● What to produce:
Copy exactly every line below, from the first through the one that contains "25 International Markets", and skip all pictures.

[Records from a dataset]
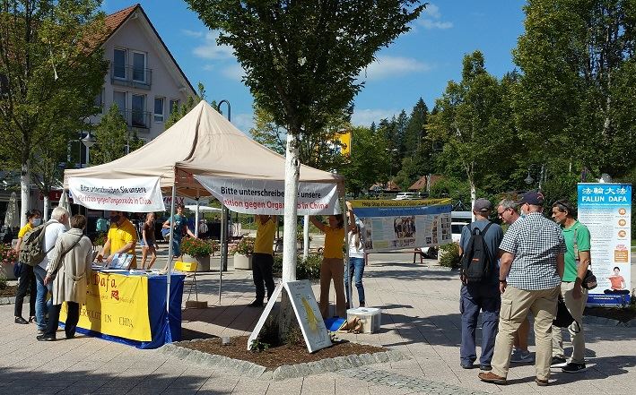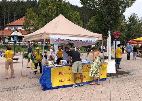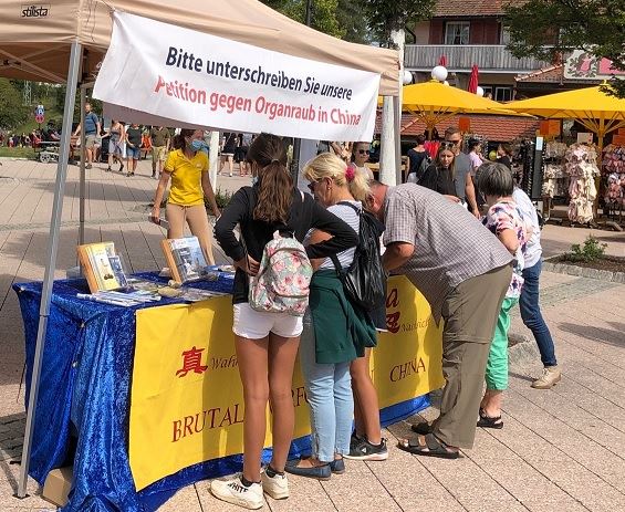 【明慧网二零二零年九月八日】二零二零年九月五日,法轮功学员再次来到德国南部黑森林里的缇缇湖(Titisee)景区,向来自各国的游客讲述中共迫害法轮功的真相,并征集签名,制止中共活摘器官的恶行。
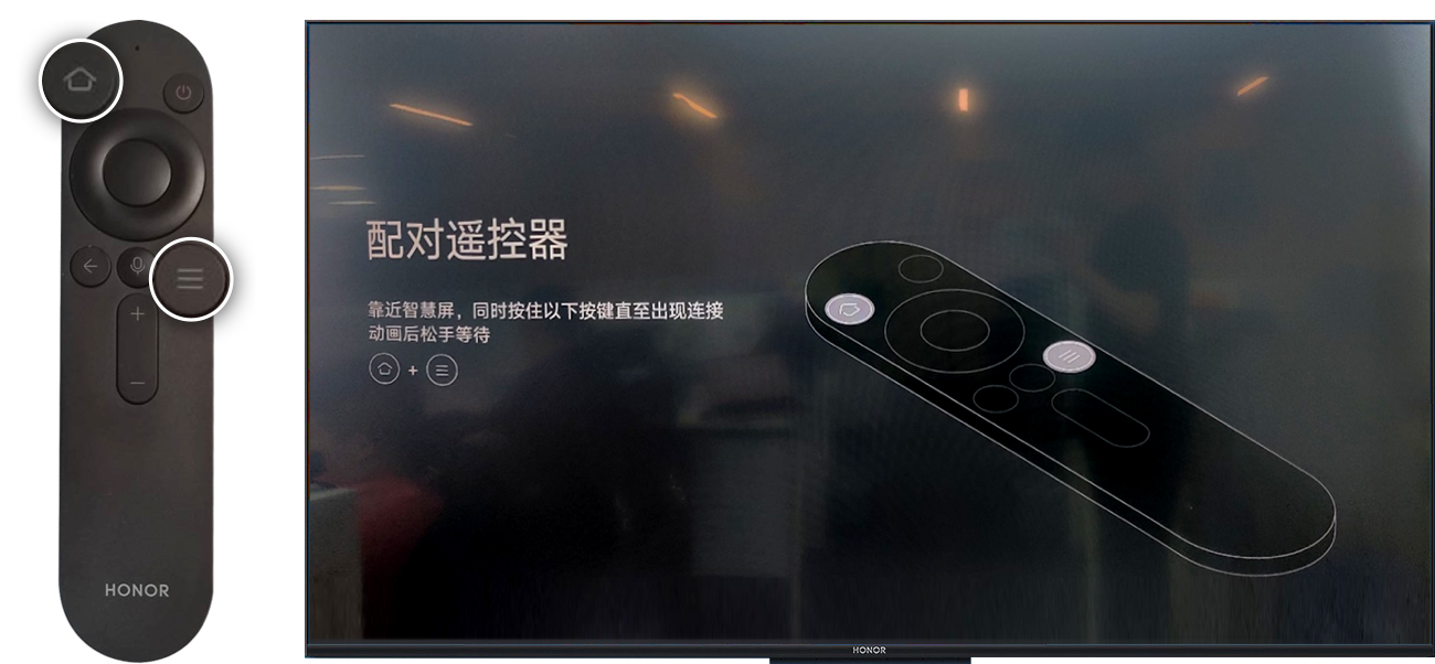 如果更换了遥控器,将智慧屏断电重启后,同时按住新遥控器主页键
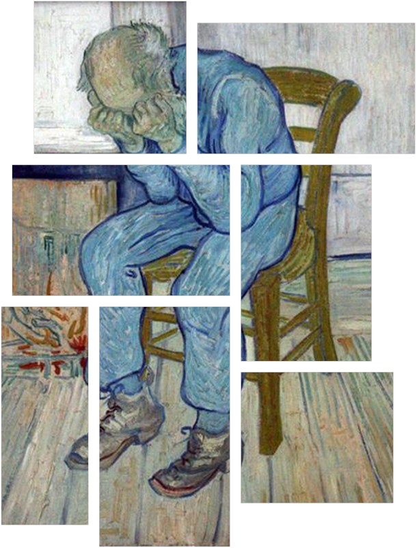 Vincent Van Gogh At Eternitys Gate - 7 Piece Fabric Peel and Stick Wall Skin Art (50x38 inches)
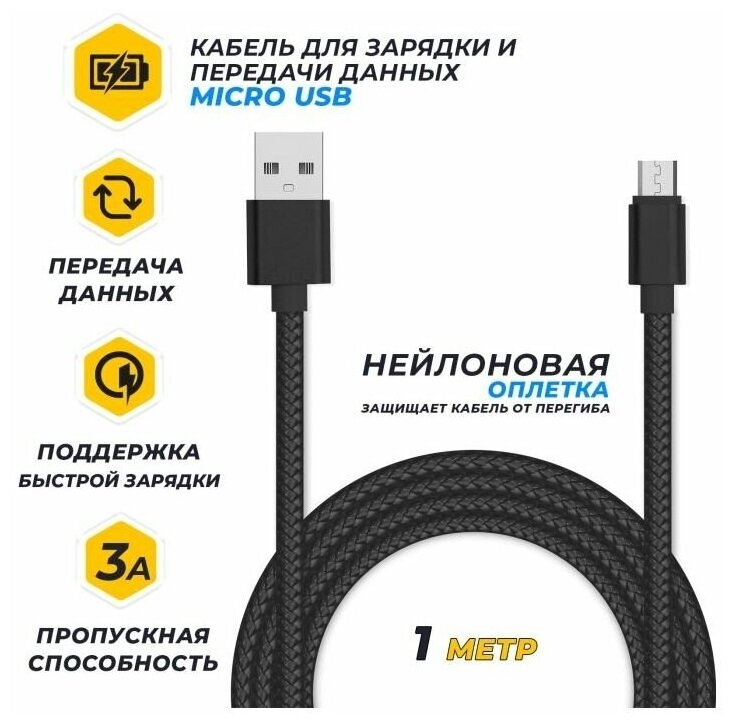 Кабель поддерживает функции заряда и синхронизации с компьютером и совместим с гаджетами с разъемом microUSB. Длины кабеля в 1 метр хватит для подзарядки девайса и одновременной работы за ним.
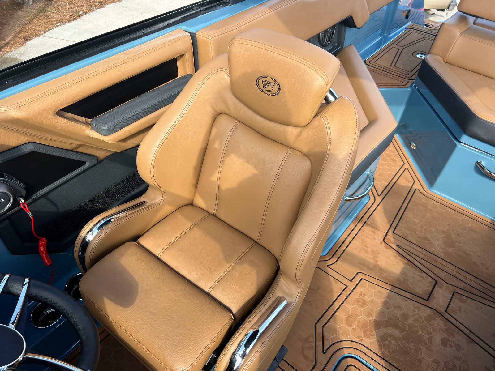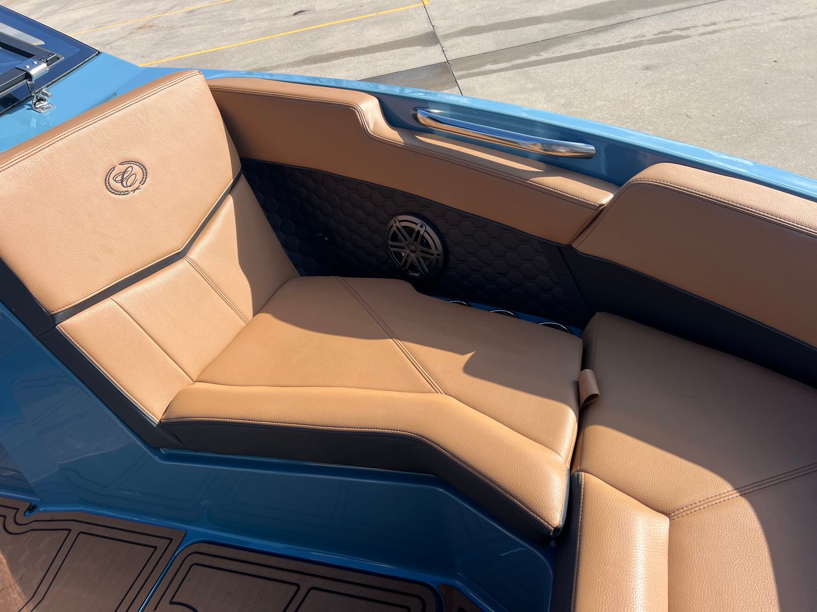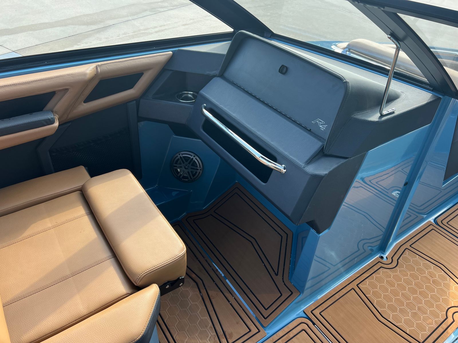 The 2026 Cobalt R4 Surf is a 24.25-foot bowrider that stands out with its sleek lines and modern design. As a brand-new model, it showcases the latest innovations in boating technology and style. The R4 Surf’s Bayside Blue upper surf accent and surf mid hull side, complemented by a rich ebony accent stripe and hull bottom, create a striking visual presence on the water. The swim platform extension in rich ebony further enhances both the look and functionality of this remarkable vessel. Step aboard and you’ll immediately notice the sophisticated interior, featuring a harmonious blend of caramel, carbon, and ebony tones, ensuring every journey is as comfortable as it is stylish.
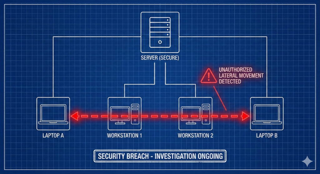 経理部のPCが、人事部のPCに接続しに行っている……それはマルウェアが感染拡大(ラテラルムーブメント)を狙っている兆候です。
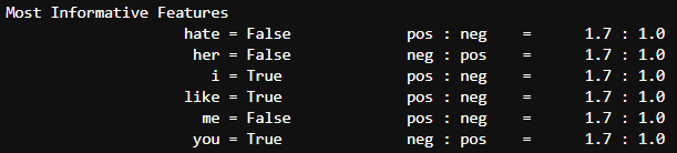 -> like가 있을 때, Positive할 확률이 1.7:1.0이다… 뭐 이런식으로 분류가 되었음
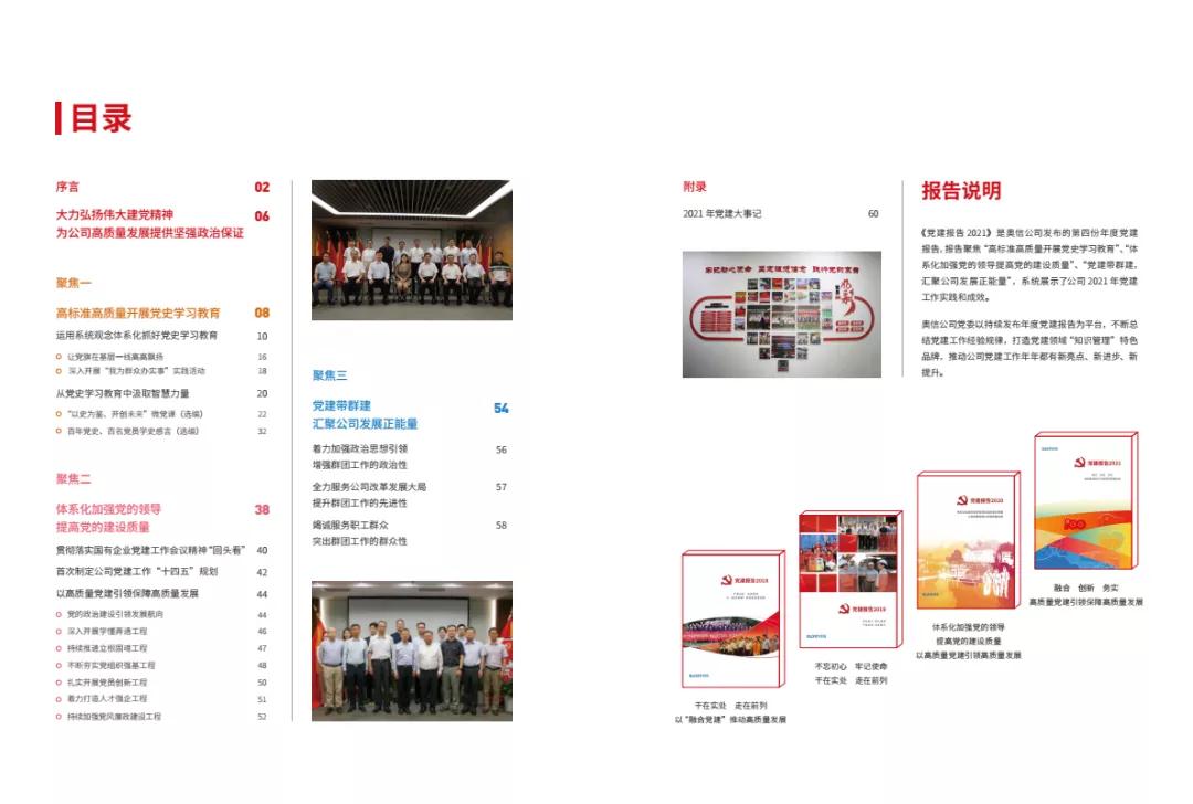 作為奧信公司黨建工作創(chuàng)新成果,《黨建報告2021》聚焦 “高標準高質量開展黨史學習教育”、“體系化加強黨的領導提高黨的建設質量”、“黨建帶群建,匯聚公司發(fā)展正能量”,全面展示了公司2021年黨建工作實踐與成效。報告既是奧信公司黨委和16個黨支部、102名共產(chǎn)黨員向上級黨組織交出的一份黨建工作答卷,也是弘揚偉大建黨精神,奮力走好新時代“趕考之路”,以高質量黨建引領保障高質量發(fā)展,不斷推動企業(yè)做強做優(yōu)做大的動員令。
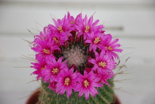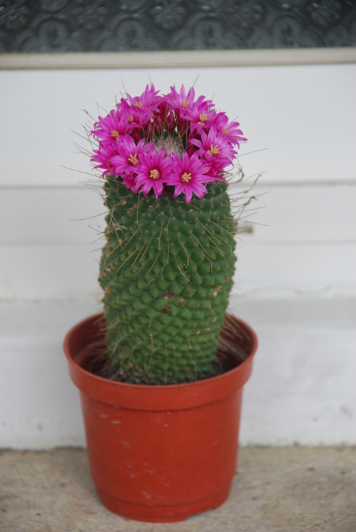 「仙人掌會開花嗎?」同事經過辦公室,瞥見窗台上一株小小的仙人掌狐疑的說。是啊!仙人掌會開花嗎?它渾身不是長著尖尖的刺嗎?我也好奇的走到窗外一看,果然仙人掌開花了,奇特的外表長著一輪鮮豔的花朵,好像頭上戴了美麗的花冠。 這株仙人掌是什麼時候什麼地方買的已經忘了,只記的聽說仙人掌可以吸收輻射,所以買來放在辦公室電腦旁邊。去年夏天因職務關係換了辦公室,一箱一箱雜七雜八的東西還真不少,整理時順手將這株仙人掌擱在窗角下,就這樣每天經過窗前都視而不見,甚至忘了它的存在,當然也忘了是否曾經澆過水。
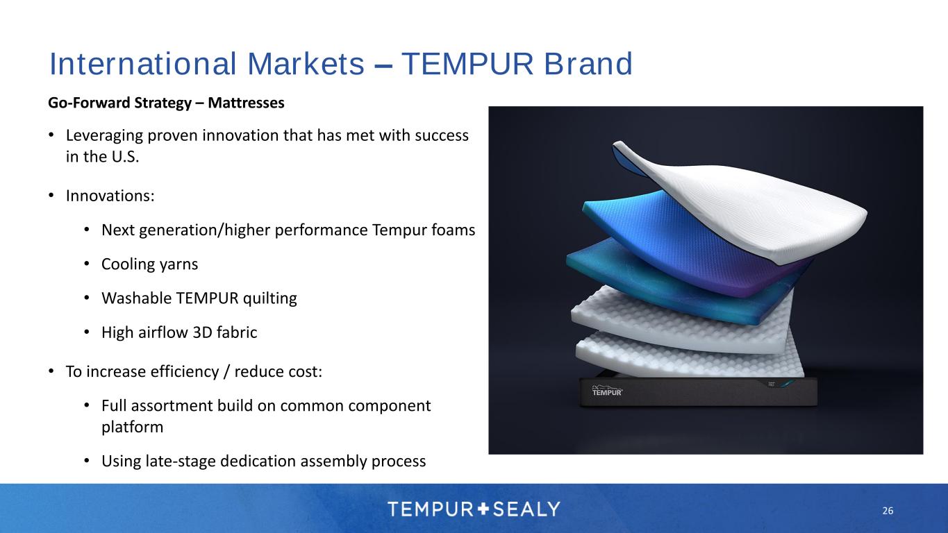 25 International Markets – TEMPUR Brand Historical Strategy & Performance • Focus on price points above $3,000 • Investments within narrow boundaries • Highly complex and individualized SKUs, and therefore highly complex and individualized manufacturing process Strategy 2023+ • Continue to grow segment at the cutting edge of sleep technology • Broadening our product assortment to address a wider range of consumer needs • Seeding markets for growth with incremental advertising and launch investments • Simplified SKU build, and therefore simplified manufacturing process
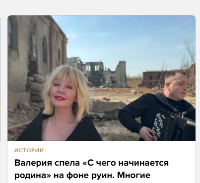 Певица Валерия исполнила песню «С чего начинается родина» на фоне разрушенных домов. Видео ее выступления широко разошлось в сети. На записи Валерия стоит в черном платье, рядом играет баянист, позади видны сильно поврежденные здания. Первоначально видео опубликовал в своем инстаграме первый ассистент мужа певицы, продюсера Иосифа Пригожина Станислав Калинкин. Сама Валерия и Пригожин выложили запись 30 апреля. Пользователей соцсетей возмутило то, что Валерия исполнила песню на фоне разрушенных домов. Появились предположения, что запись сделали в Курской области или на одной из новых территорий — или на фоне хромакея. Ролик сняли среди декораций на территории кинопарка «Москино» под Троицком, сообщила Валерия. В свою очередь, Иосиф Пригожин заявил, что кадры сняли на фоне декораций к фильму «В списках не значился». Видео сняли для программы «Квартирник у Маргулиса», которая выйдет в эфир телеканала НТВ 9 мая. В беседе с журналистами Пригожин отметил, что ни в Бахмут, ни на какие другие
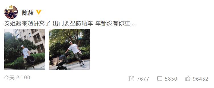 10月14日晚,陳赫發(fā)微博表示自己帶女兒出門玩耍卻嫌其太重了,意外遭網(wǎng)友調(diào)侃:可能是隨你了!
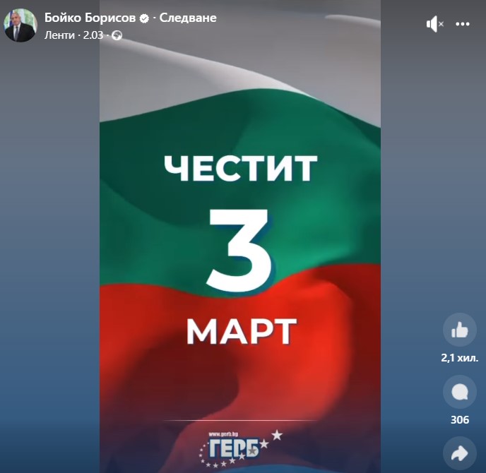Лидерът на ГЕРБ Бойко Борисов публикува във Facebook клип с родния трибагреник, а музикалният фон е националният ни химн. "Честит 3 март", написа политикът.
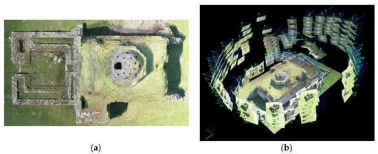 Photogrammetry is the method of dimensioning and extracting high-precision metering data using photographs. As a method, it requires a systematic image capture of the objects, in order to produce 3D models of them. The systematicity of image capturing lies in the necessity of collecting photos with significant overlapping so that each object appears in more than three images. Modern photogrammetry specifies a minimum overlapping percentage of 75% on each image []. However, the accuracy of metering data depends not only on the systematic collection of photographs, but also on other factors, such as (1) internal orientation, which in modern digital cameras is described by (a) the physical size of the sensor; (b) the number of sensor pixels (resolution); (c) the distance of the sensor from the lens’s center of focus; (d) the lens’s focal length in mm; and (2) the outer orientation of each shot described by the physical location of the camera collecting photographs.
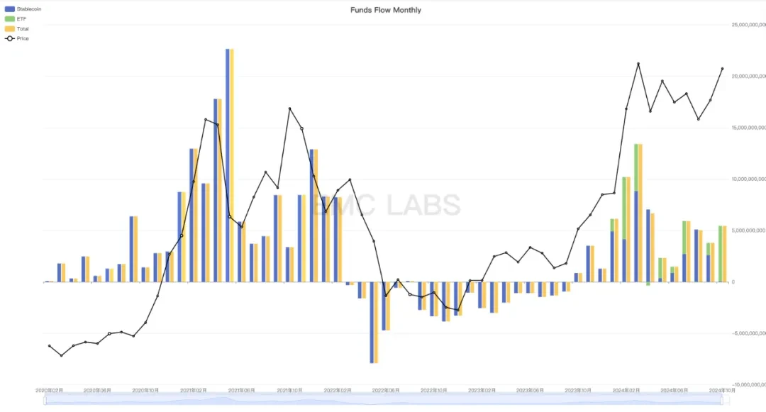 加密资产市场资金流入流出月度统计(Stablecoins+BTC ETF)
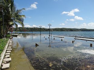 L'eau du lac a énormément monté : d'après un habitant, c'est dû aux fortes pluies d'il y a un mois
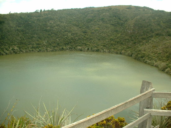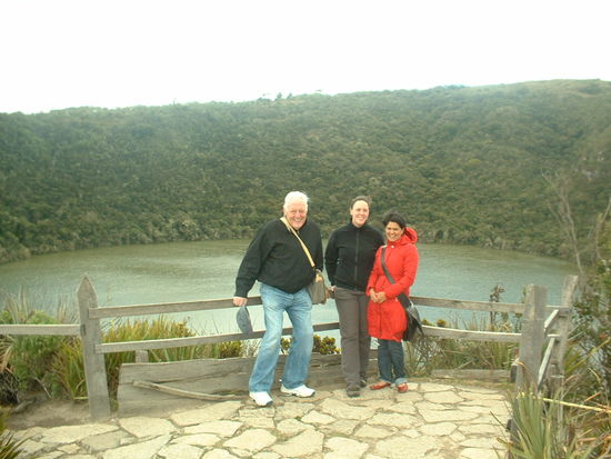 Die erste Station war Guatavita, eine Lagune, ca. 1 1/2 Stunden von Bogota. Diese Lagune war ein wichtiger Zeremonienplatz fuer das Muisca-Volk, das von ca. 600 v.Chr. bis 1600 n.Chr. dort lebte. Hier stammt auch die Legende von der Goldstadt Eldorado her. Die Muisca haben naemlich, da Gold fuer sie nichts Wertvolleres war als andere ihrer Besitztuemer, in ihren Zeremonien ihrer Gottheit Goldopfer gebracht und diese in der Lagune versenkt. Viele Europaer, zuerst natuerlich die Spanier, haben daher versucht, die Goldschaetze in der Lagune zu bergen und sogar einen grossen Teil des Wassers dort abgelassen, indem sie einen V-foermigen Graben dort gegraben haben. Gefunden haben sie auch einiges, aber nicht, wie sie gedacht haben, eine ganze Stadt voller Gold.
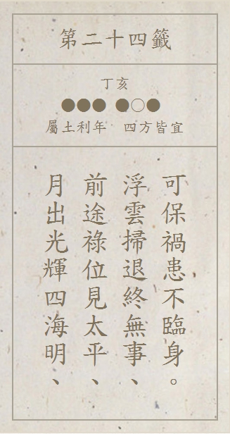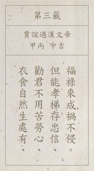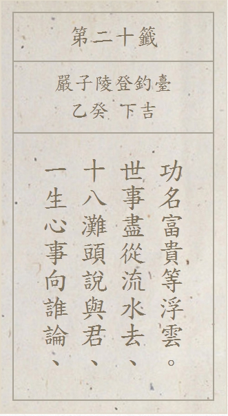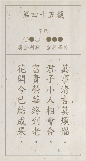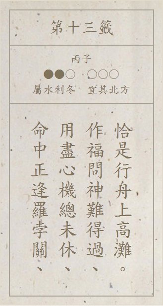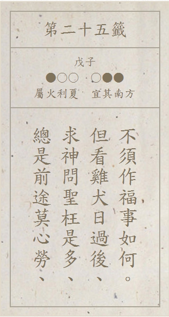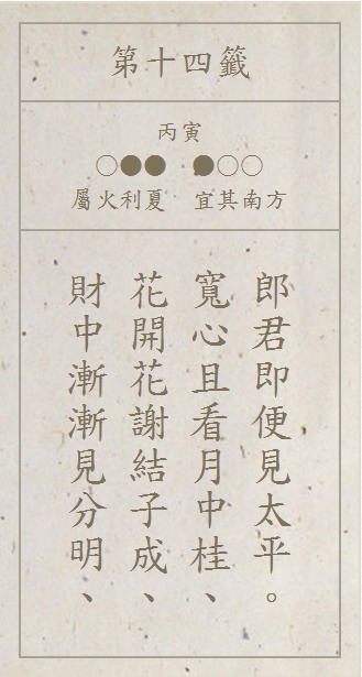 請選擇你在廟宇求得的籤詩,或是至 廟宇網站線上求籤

● Result of the exercise:
 【明慧网二零二零年九月八日】二零二零年九月五日,法轮功学员再次来到德国南部黑森林里的缇缇湖(Titisee)景区,向来自各国的游客讲述中共迫害法轮功的真相,并征集签名,制止中共活摘器官的恶行。
 如果更换了遥控器,将智慧屏断电重启后,同时按住新遥控器主页键
 Vincent Van Gogh At Eternitys Gate - 7 Piece Fabric Peel and Stick Wall Skin Art (50x38 inches)
 Кабель поддерживает функции заряда и синхронизации с компьютером и совместим с гаджетами с разъемом microUSB. Длины кабеля в 1 метр хватит для подзарядки девайса и одновременной работы за ним.
 The 2026 Cobalt R4 Surf is a 24.25-foot bowrider that stands out with its sleek lines and modern design. As a brand-new model, it showcases the latest innovations in boating technology and style. The R4 Surf’s Bayside Blue upper surf accent and surf mid hull side, complemented by a rich ebony accent stripe and hull bottom, create a striking visual presence on the water. The swim platform extension in rich ebony further enhances both the look and functionality of this remarkable vessel. Step aboard and you’ll immediately notice the sophisticated interior, featuring a harmonious blend of caramel, carbon, and ebony tones, ensuring every journey is as comfortable as it is stylish.
 経理部のPCが、人事部のPCに接続しに行っている……それはマルウェアが感染拡大(ラテラルムーブメント)を狙っている兆候です。
 -> like가 있을 때, Positive할 확률이 1.7:1.0이다… 뭐 이런식으로 분류가 되었음
 作為奧信公司黨建工作創(chuàng)新成果,《黨建報告2021》聚焦 “高標準高質量開展黨史學習教育”、“體系化加強黨的領導提高黨的建設質量”、“黨建帶群建,匯聚公司發(fā)展正能量”,全面展示了公司2021年黨建工作實踐與成效。報告既是奧信公司黨委和16個黨支部、102名共產(chǎn)黨員向上級黨組織交出的一份黨建工作答卷,也是弘揚偉大建黨精神,奮力走好新時代“趕考之路”,以高質量黨建引領保障高質量發(fā)展,不斷推動企業(yè)做強做優(yōu)做大的動員令。
 「仙人掌會開花嗎?」同事經過辦公室,瞥見窗台上一株小小的仙人掌狐疑的說。是啊!仙人掌會開花嗎?它渾身不是長著尖尖的刺嗎?我也好奇的走到窗外一看,果然仙人掌開花了,奇特的外表長著一輪鮮豔的花朵,好像頭上戴了美麗的花冠。 這株仙人掌是什麼時候什麼地方買的已經忘了,只記的聽說仙人掌可以吸收輻射,所以買來放在辦公室電腦旁邊。去年夏天因職務關係換了辦公室,一箱一箱雜七雜八的東西還真不少,整理時順手將這株仙人掌擱在窗角下,就這樣每天經過窗前都視而不見,甚至忘了它的存在,當然也忘了是否曾經澆過水。
 25 International Markets – TEMPUR Brand Historical Strategy & Performance • Focus on price points above $3,000 • Investments within narrow boundaries • Highly complex and individualized SKUs, and therefore highly complex and individualized manufacturing process Strategy 2023+ • Continue to grow segment at the cutting edge of sleep technology • Broadening our product assortment to address a wider range of consumer needs • Seeding markets for growth with incremental advertising and launch investments • Simplified SKU build, and therefore simplified manufacturing process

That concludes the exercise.